▸ Available records
========================================================================
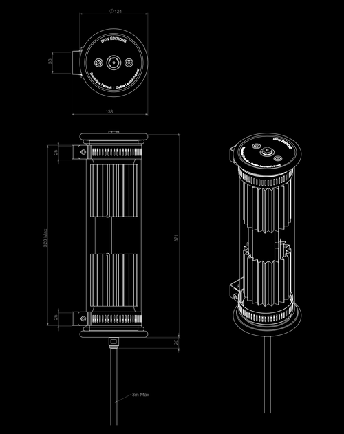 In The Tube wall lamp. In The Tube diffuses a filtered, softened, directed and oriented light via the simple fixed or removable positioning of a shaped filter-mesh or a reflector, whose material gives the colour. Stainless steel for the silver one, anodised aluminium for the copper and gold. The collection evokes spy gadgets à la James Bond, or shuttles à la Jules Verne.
========================================================================
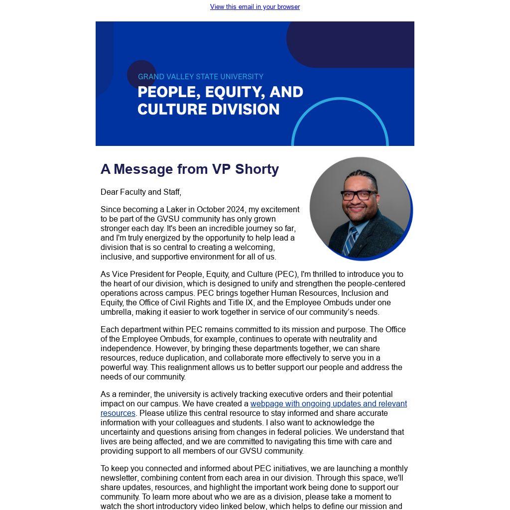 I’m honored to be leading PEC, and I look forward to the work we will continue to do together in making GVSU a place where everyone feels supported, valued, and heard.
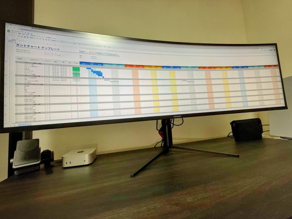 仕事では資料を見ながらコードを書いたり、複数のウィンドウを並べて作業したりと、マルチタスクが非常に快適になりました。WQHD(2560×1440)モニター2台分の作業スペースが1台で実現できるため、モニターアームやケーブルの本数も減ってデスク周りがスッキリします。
========================================================================
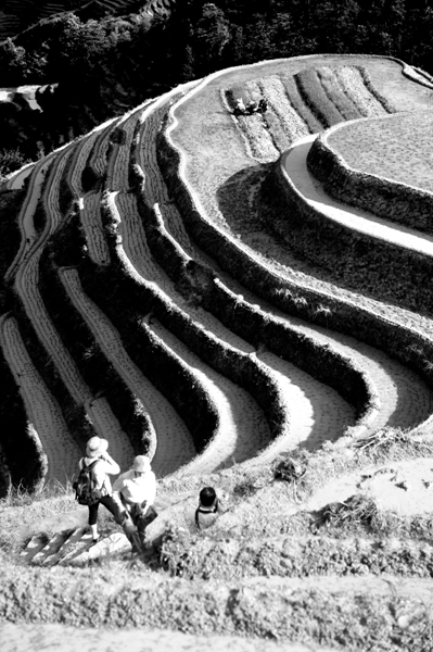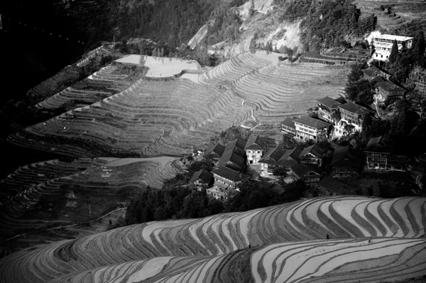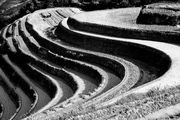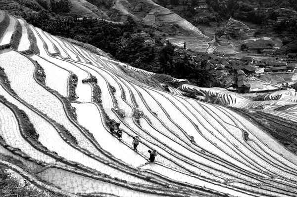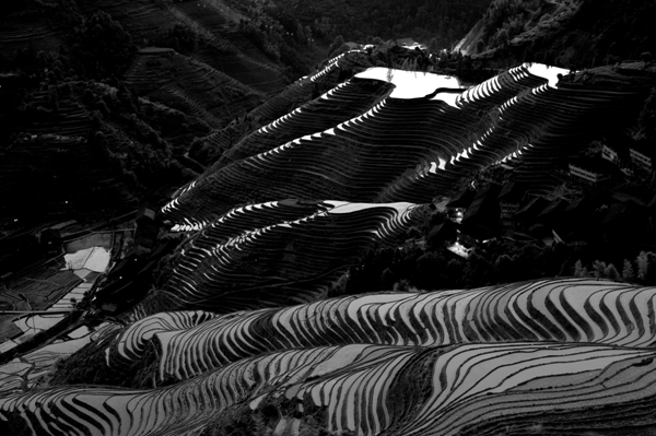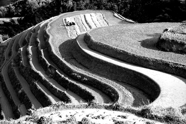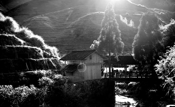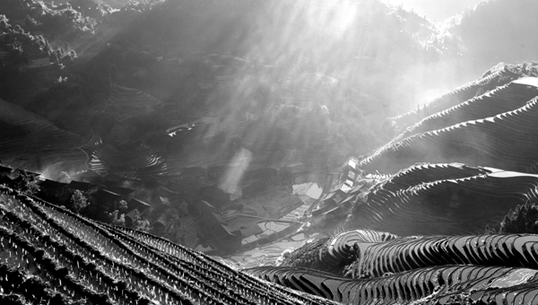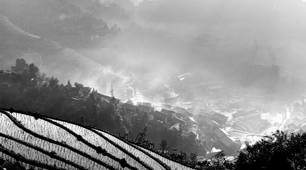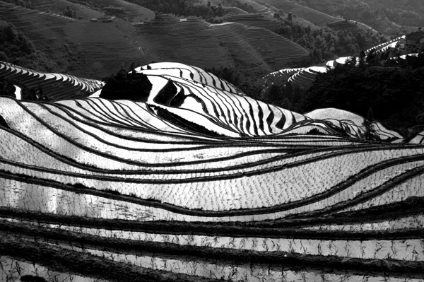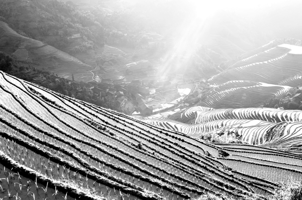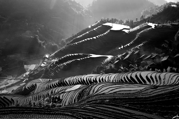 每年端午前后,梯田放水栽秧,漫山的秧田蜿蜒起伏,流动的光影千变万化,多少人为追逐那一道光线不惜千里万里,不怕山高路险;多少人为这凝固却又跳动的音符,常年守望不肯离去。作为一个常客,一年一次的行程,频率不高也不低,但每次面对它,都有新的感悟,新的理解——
========================================================================
Please return the material above only from the line that holds "I’m honored to" through the line that holds "仕事では資料を見ながらコード", exactly as it stands, ends included and pictures omitted.

 I’m honored to be leading PEC, and I look forward to the work we will continue to do together in making GVSU a place where everyone feels supported, valued, and heard.
 仕事では資料を見ながらコードを書いたり、複数のウィンドウを並べて作業したりと、マルチタスクが非常に快適になりました。WQHD(2560×1440)モニター2台分の作業スペースが1台で実現できるため、モニターアームやケーブルの本数も減ってデスク周りがスッキリします。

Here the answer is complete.